## Supplied records
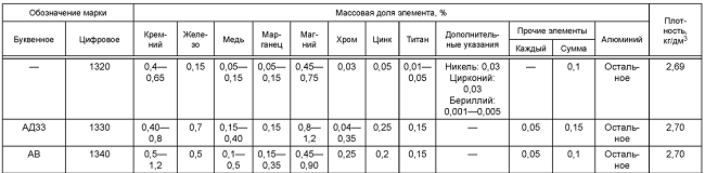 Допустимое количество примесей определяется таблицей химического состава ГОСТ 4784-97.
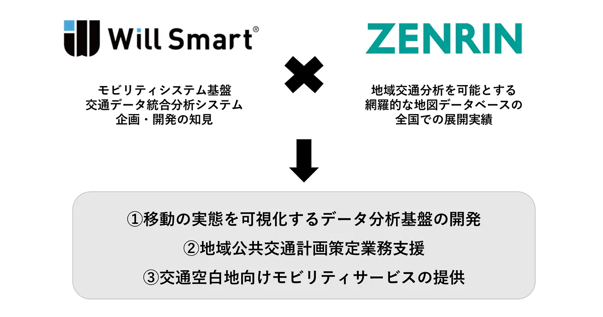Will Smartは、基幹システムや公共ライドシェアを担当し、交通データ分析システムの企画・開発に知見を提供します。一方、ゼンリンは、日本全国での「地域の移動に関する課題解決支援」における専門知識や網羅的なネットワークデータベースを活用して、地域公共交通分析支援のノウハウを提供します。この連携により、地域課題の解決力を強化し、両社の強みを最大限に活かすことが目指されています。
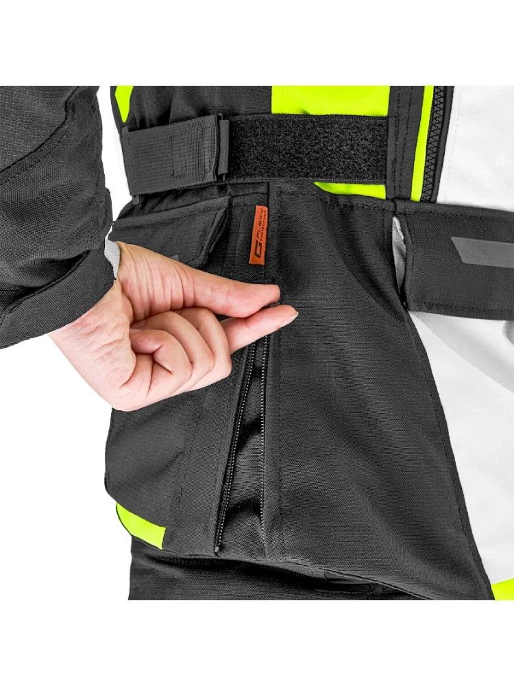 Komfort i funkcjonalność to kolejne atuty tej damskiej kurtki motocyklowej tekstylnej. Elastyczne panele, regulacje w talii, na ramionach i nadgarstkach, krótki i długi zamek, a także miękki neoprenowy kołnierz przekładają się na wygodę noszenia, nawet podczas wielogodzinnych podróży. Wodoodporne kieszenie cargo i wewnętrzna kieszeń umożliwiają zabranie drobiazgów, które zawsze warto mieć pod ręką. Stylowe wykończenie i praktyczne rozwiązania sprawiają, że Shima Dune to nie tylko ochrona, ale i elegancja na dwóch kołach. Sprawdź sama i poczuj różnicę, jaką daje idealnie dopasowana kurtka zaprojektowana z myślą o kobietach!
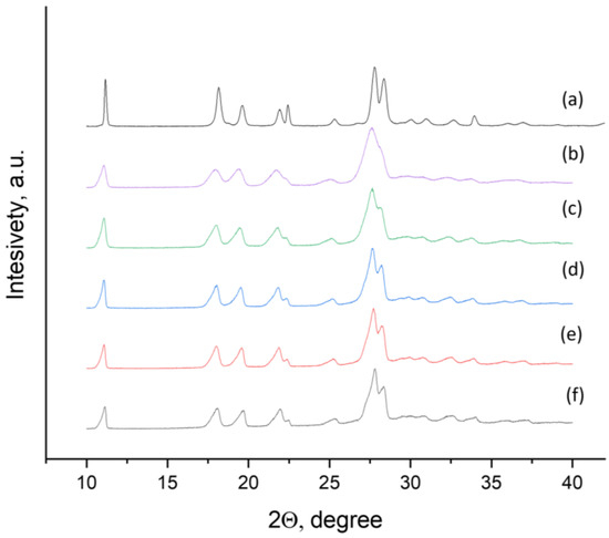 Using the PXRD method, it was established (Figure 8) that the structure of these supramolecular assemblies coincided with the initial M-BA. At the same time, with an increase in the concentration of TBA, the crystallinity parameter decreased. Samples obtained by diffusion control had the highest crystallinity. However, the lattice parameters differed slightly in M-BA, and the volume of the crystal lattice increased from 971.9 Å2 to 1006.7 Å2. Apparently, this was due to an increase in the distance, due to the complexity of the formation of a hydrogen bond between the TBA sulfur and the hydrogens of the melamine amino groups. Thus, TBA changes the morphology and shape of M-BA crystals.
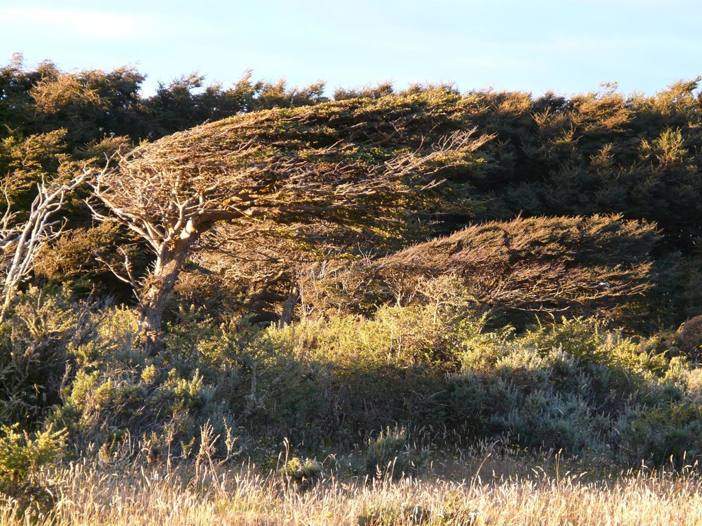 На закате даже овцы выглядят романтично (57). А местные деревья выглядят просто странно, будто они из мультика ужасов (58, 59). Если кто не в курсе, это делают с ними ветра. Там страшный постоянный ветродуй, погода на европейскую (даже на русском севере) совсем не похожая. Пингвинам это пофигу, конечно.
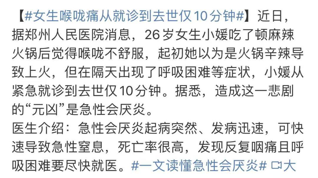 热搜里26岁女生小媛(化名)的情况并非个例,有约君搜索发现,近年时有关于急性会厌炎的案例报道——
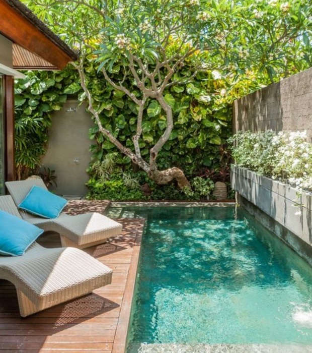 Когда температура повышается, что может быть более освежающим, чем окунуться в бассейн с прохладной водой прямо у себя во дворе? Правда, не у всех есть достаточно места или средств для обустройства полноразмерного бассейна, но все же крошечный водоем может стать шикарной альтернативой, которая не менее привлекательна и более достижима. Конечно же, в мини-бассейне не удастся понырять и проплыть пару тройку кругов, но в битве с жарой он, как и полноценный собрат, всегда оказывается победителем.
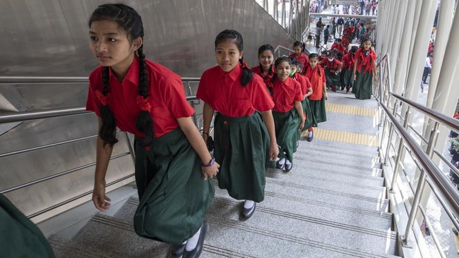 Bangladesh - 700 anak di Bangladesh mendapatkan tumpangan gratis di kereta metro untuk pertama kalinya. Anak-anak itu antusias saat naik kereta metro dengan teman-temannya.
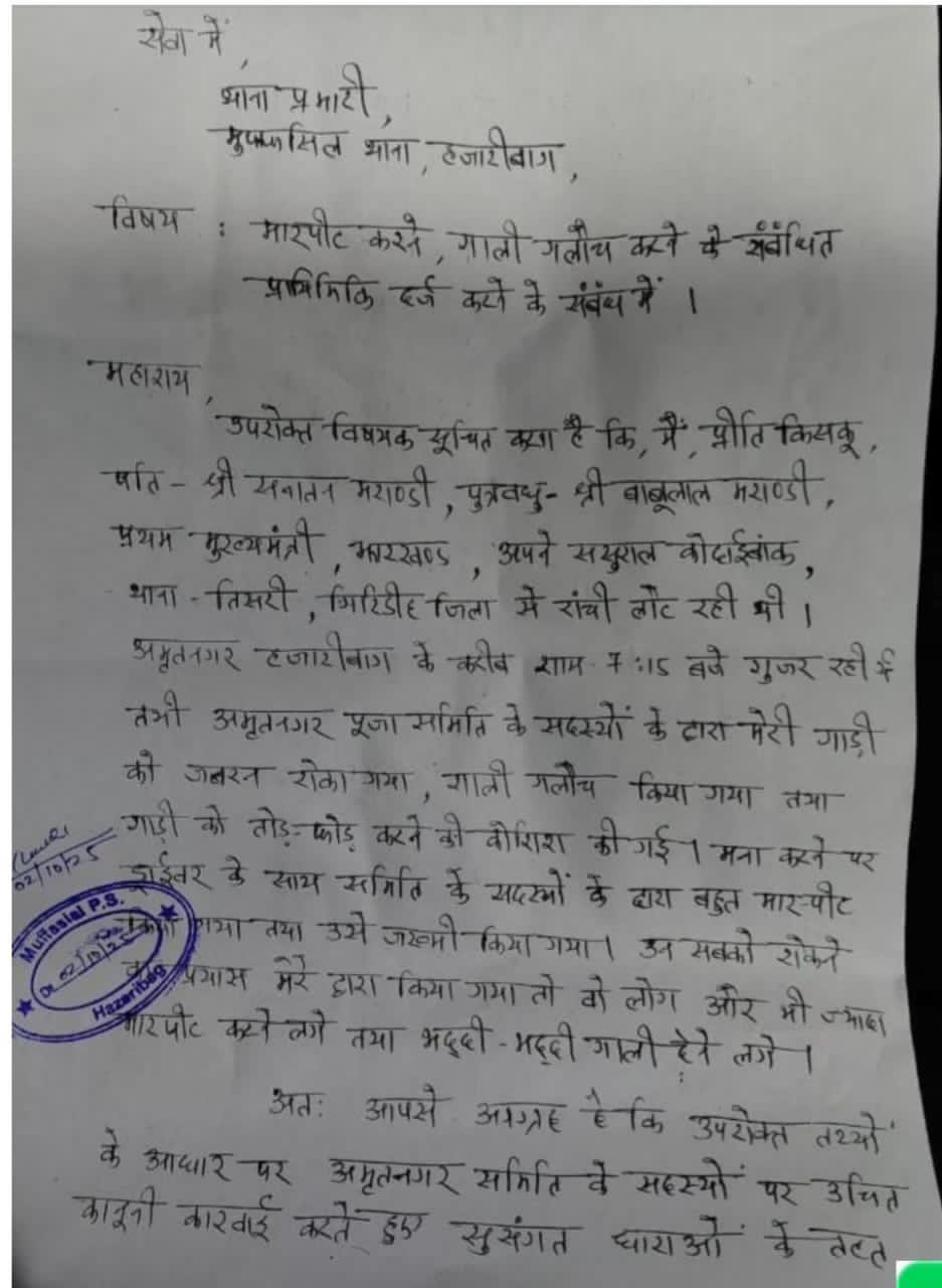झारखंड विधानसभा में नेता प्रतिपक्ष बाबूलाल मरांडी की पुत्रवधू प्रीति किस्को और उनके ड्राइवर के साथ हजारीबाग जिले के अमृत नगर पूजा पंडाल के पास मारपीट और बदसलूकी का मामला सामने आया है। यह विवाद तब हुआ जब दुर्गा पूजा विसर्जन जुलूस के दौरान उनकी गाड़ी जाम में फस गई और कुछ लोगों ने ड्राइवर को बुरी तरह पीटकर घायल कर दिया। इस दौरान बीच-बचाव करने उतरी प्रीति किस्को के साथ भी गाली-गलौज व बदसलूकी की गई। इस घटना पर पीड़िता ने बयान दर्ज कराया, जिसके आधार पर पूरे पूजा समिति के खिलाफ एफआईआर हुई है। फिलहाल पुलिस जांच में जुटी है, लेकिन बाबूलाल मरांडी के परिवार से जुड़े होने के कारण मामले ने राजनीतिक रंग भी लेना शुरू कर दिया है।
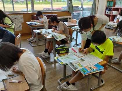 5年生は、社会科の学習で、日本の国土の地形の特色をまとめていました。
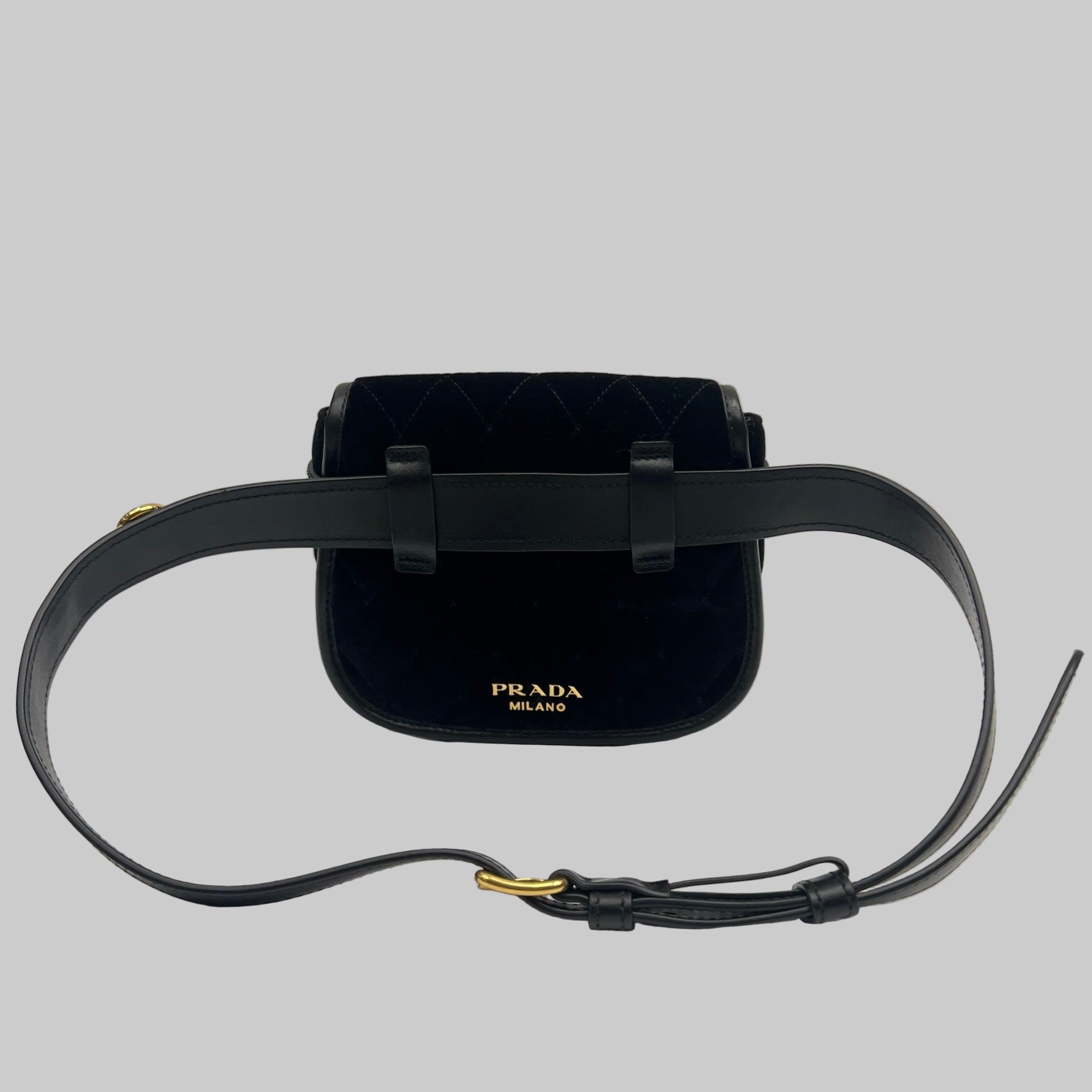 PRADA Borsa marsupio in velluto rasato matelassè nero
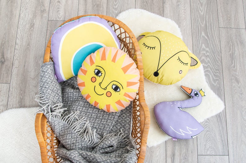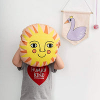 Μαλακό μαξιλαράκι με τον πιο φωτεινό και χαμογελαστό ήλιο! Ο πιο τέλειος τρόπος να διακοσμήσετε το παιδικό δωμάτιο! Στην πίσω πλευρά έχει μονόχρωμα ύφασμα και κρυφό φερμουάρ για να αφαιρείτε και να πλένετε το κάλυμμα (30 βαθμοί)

## Prompt
Every entry above needs to be duplicated precisely, and none of the pictures should appear.

## Solution to this task
 Допустимое количество примесей определяется таблицей химического состава ГОСТ 4784-97.
Will Smartは、基幹システムや公共ライドシェアを担当し、交通データ分析システムの企画・開発に知見を提供します。一方、ゼンリンは、日本全国での「地域の移動に関する課題解決支援」における専門知識や網羅的なネットワークデータベースを活用して、地域公共交通分析支援のノウハウを提供します。この連携により、地域課題の解決力を強化し、両社の強みを最大限に活かすことが目指されています。
 Komfort i funkcjonalność to kolejne atuty tej damskiej kurtki motocyklowej tekstylnej. Elastyczne panele, regulacje w talii, na ramionach i nadgarstkach, krótki i długi zamek, a także miękki neoprenowy kołnierz przekładają się na wygodę noszenia, nawet podczas wielogodzinnych podróży. Wodoodporne kieszenie cargo i wewnętrzna kieszeń umożliwiają zabranie drobiazgów, które zawsze warto mieć pod ręką. Stylowe wykończenie i praktyczne rozwiązania sprawiają, że Shima Dune to nie tylko ochrona, ale i elegancja na dwóch kołach. Sprawdź sama i poczuj różnicę, jaką daje idealnie dopasowana kurtka zaprojektowana z myślą o kobietach!
 Using the PXRD method, it was established (Figure 8) that the structure of these supramolecular assemblies coincided with the initial M-BA. At the same time, with an increase in the concentration of TBA, the crystallinity parameter decreased. Samples obtained by diffusion control had the highest crystallinity. However, the lattice parameters differed slightly in M-BA, and the volume of the crystal lattice increased from 971.9 Å2 to 1006.7 Å2. Apparently, this was due to an increase in the distance, due to the complexity of the formation of a hydrogen bond between the TBA sulfur and the hydrogens of the melamine amino groups. Thus, TBA changes the morphology and shape of M-BA crystals.
 На закате даже овцы выглядят романтично (57). А местные деревья выглядят просто странно, будто они из мультика ужасов (58, 59). Если кто не в курсе, это делают с ними ветра. Там страшный постоянный ветродуй, погода на европейскую (даже на русском севере) совсем не похожая. Пингвинам это пофигу, конечно.
 热搜里26岁女生小媛(化名)的情况并非个例,有约君搜索发现,近年时有关于急性会厌炎的案例报道——
 Когда температура повышается, что может быть более освежающим, чем окунуться в бассейн с прохладной водой прямо у себя во дворе? Правда, не у всех есть достаточно места или средств для обустройства полноразмерного бассейна, но все же крошечный водоем может стать шикарной альтернативой, которая не менее привлекательна и более достижима. Конечно же, в мини-бассейне не удастся понырять и проплыть пару тройку кругов, но в битве с жарой он, как и полноценный собрат, всегда оказывается победителем.
 Bangladesh - 700 anak di Bangladesh mendapatkan tumpangan gratis di kereta metro untuk pertama kalinya. Anak-anak itu antusias saat naik kereta metro dengan teman-temannya.
झारखंड विधानसभा में नेता प्रतिपक्ष बाबूलाल मरांडी की पुत्रवधू प्रीति किस्को और उनके ड्राइवर के साथ हजारीबाग जिले के अमृत नगर पूजा पंडाल के पास मारपीट और बदसलूकी का मामला सामने आया है। यह विवाद तब हुआ जब दुर्गा पूजा विसर्जन जुलूस के दौरान उनकी गाड़ी जाम में फस गई और कुछ लोगों ने ड्राइवर को बुरी तरह पीटकर घायल कर दिया। इस दौरान बीच-बचाव करने उतरी प्रीति किस्को के साथ भी गाली-गलौज व बदसलूकी की गई। इस घटना पर पीड़िता ने बयान दर्ज कराया, जिसके आधार पर पूरे पूजा समिति के खिलाफ एफआईआर हुई है। फिलहाल पुलिस जांच में जुटी है, लेकिन बाबूलाल मरांडी के परिवार से जुड़े होने के कारण मामले ने राजनीतिक रंग भी लेना शुरू कर दिया है।
 5年生は、社会科の学習で、日本の国土の地形の特色をまとめていました。
 PRADA Borsa marsupio in velluto rasato matelassè nero
 Μαλακό μαξιλαράκι με τον πιο φωτεινό και χαμογελαστό ήλιο! Ο πιο τέλειος τρόπος να διακοσμήσετε το παιδικό δωμάτιο! Στην πίσω πλευρά έχει μονόχρωμα ύφασμα και κρυφό φερμουάρ για να αφαιρείτε και να πλένετε το κάλυμμα (30 βαθμοί)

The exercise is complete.